*SUPPLIED RECORDS*
[Start of Attachment]

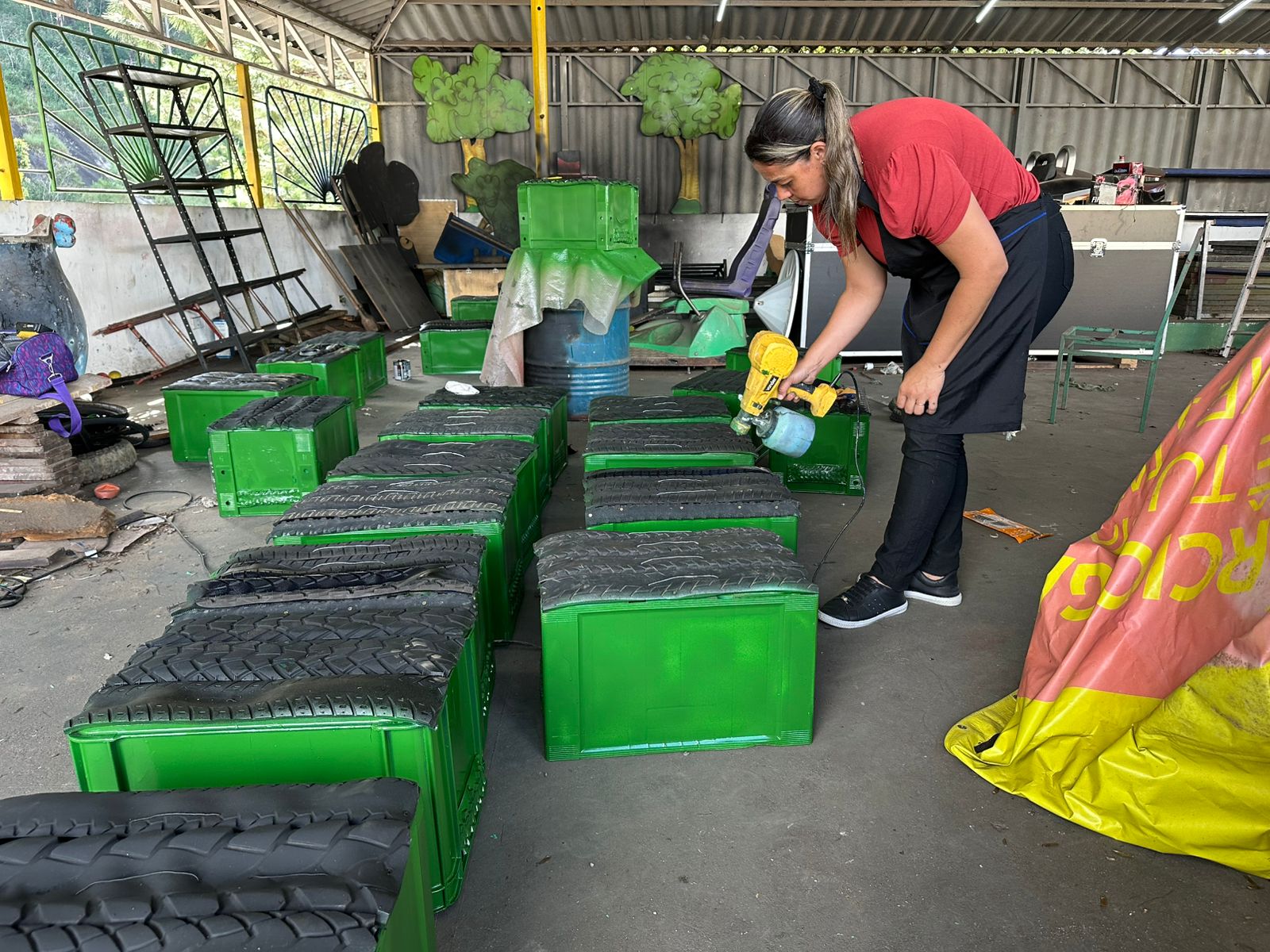 Feitas com reaproveitamento de garrafeiras plásticas e pneus, os bancos foram pensados para serem resistentes e confortáveis.
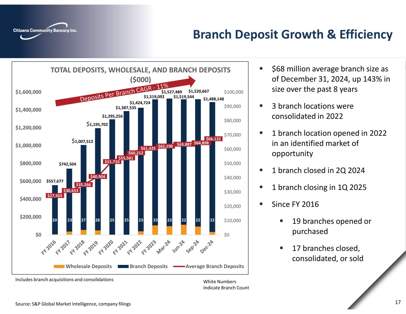 $27,565 $30,653 $35,266 $40,904 $51,710 $55,501 $60,212 $61,425 $62,190 $63,887 $64,898 $66,132 $0 $10,000 $20,000 $30,000 $40,000 $50,000 $60,000 $70,000 $80,000 $90,000 $100,000 $0 $200,000 $400,000 $600,000 $800,000 $1,000,000 $1,200,000 $1,400,000 $1,600,000 TOTAL DEPOSITS, WHOLESALE, AND BRANCH DEPOSITS ($000) Wholesale Deposits Branch Deposits Average Branch Deposits 23 27 28 25 25 23 23 23 22 22 $557,677 $742,504 $1,007,512 $1,195,702 $1,295,256 $1,519,092 $1,520,667 $1,488,148 Branch Deposit Growth & Efficiency $68 million average branch size as of December 31, 2024, up 143% in size over the past 8 years 3 branch locations were consolidated in 2022 1 branch location opened in 2022 in an identified market of opportunity 1 branch closed in 2Q 2024 1 branch closing in 1Q 2025 Since FY 2016 19 branches opened or purchased 17 branches closed, consolidated, or sold Includes branch acquisitions and consolidations Source: S&P Global Market Intelligence, company filings 17 20 White Numbers Indicate Branch Count 22 $1,387,535 $1,424,724 $1,527,489 $1,519,544
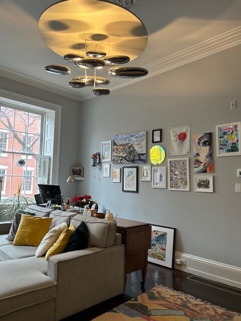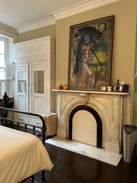 High-end 1 bedroom apartment in fabulous Society Hill building. This first-floor front unit has everything! Tons of sunlight flood this unit from the 2 large windows overlooking beautiful 4th and Spruce. Exquisitely finished hardwood floors are throughout. Custom window shutters, designer light fixtures, crown molding, original marble mantels in the living room, and bedroom with 2 closets (one cedar) and great window with nice light and privacy. Full bathtub and marble tile surround. This unit has it's own private washer/dryer right outside the unit door.
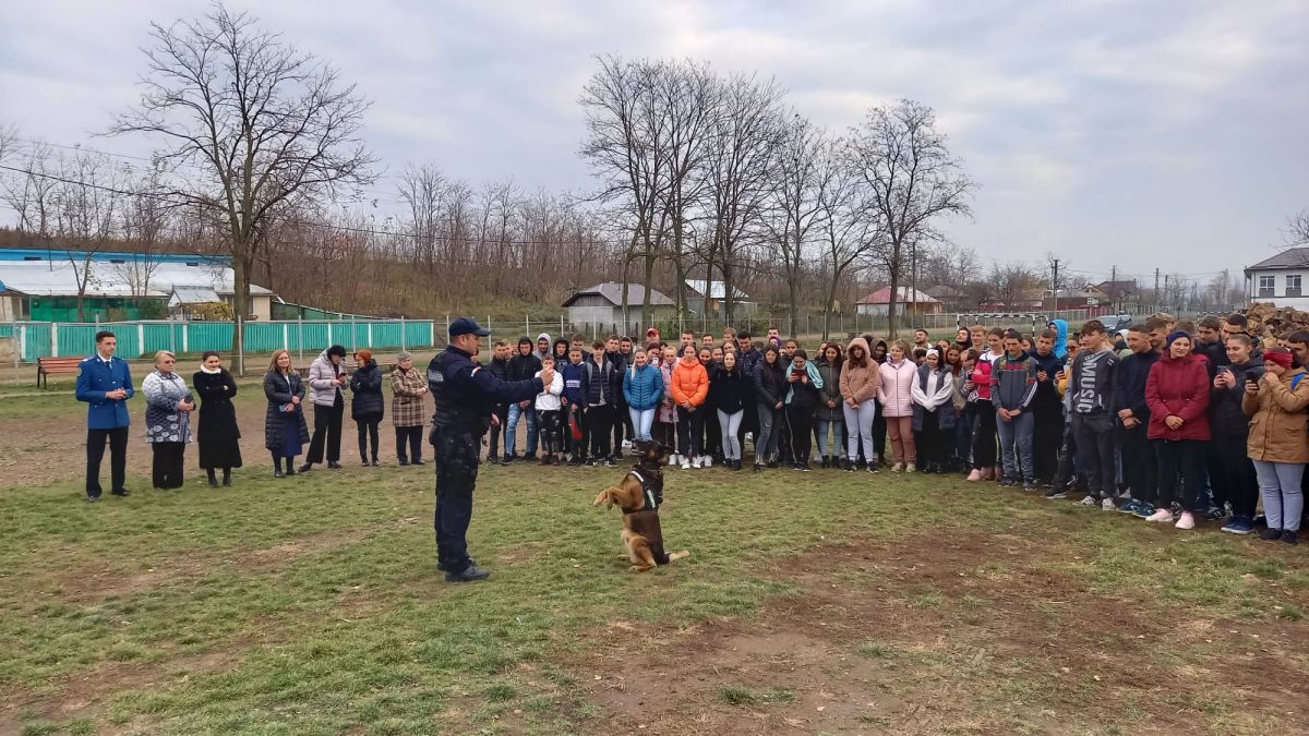 La sfârșitul activităților preventive, elevii au putut urmări un exercițiu demonstrativ executat de Grupa Acțiuni Speciale și Intervenție Antiteroristă din cadrul Inspectoratului de Jandarmi Județean Botoșani și câinele de serviciu Pih.
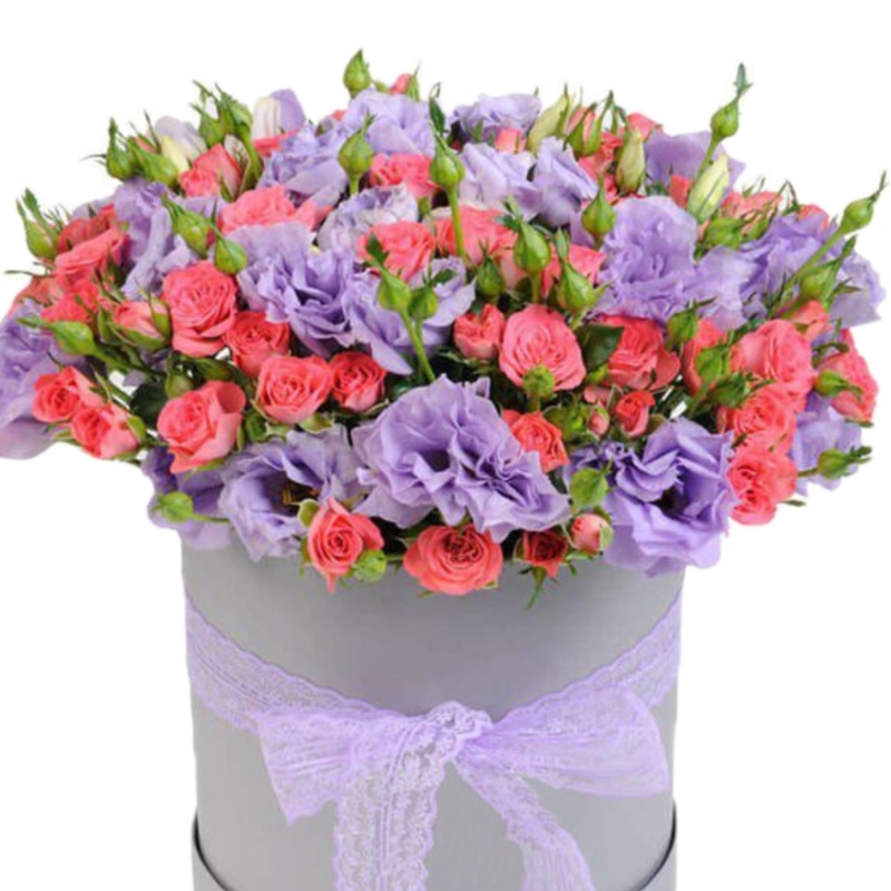 Букет из роз и эустомы в коробке
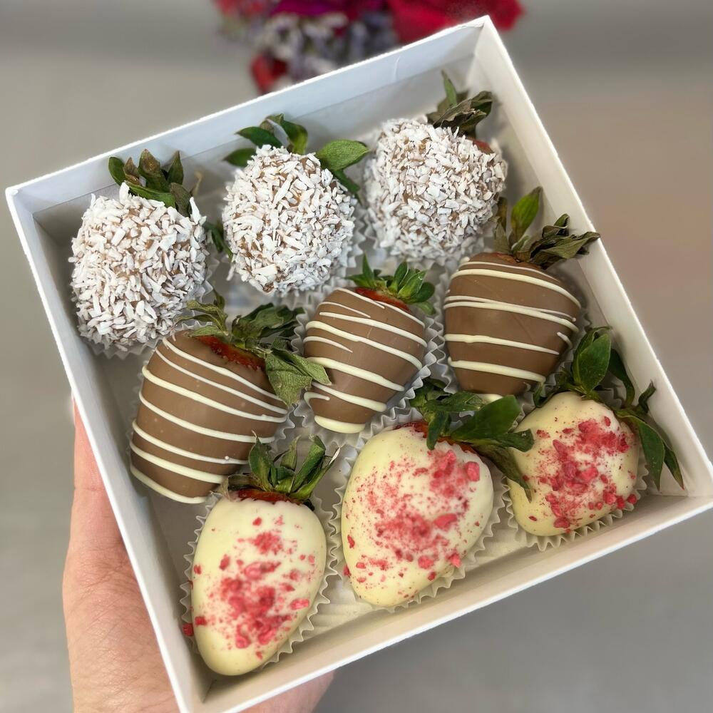 клубника в бельгийском шоколаде – 9 шт.Стакан для цветов – 1 шт.роза красная кения – 3 шт.лимониум сухоцвет – 1 шт.Зелень – 1 шт.Флористическая губка – 1 шт.
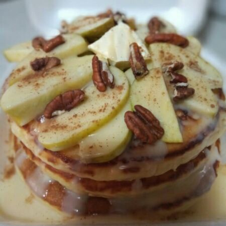 Tres deliciosos hot cakes acompañados de lechera, manzana, canela y nuez.
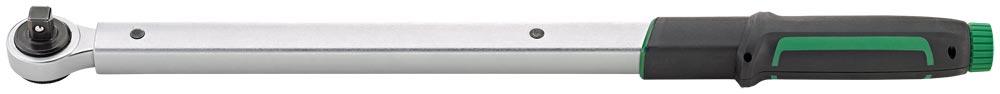 mit fest eingebauter Feinzahnknarre · für den kontrollierten Rechtsanzug · auslösend · schnelle Einstellung durch Schnellverstellung · Doppel-Stopp-Signal · sehr gut ablesbare Doppelskala mit farblicher Unterscheidung von Nm/ft·lb bzw. ft·lb/in·lb · 2-Komponentengriff (resistent gegen Öle, Fette, Kraftstoffe, Bremsflüssigkeiten und Skydrol) · nach Entlastung sofort wieder funktionsbereit ∙ Genauigkeit ± 4 % Toleranz von eingestelltem Wert
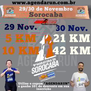 Nos dias 29 e 30 de novembro de 2025, Sorocaba será o destino dos apaixonados por corrida de rua! A 8ª Maratona Sorocaba reúne provas para toda a família: kids, caminhada 3K, 5K e 10K no sábado, e as provas principais de 21K e 42K no domingo. Com percurso homologado pela CBAT e largada/chegada no Parque das Águas, o evento é reconhecido como a maratona mais plana do estado (apenas 94m de ganho altimétrico) e serve como índice para provas reconhecidas internacionalmente – perfeito para quem busca tempo, desafio ou estreia em grandes distâncias.
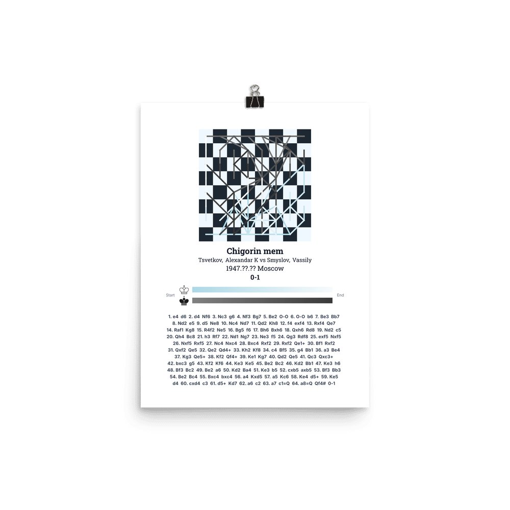 Museum-quality poster on thick, durable matte paper. A sharp, clean look for any chess visualisation.

[End of Attachment]

*TASK STATEMENT*
Begin with the line that contains "клубника в бельгийском" and repeat every line through the end of the data, exactly and only those lines, leaving out the pictures.

*ANSWER TO THIS TASK*
 клубника в бельгийском шоколаде – 9 шт.Стакан для цветов – 1 шт.роза красная кения – 3 шт.лимониум сухоцвет – 1 шт.Зелень – 1 шт.Флористическая губка – 1 шт.
 Tres deliciosos hot cakes acompañados de lechera, manzana, canela y nuez.
 mit fest eingebauter Feinzahnknarre · für den kontrollierten Rechtsanzug · auslösend · schnelle Einstellung durch Schnellverstellung · Doppel-Stopp-Signal · sehr gut ablesbare Doppelskala mit farblicher Unterscheidung von Nm/ft·lb bzw. ft·lb/in·lb · 2-Komponentengriff (resistent gegen Öle, Fette, Kraftstoffe, Bremsflüssigkeiten und Skydrol) · nach Entlastung sofort wieder funktionsbereit ∙ Genauigkeit ± 4 % Toleranz von eingestelltem Wert
 Nos dias 29 e 30 de novembro de 2025, Sorocaba será o destino dos apaixonados por corrida de rua! A 8ª Maratona Sorocaba reúne provas para toda a família: kids, caminhada 3K, 5K e 10K no sábado, e as provas principais de 21K e 42K no domingo. Com percurso homologado pela CBAT e largada/chegada no Parque das Águas, o evento é reconhecido como a maratona mais plana do estado (apenas 94m de ganho altimétrico) e serve como índice para provas reconhecidas internacionalmente – perfeito para quem busca tempo, desafio ou estreia em grandes distâncias.
 Museum-quality poster on thick, durable matte paper. A sharp, clean look for any chess visualisation.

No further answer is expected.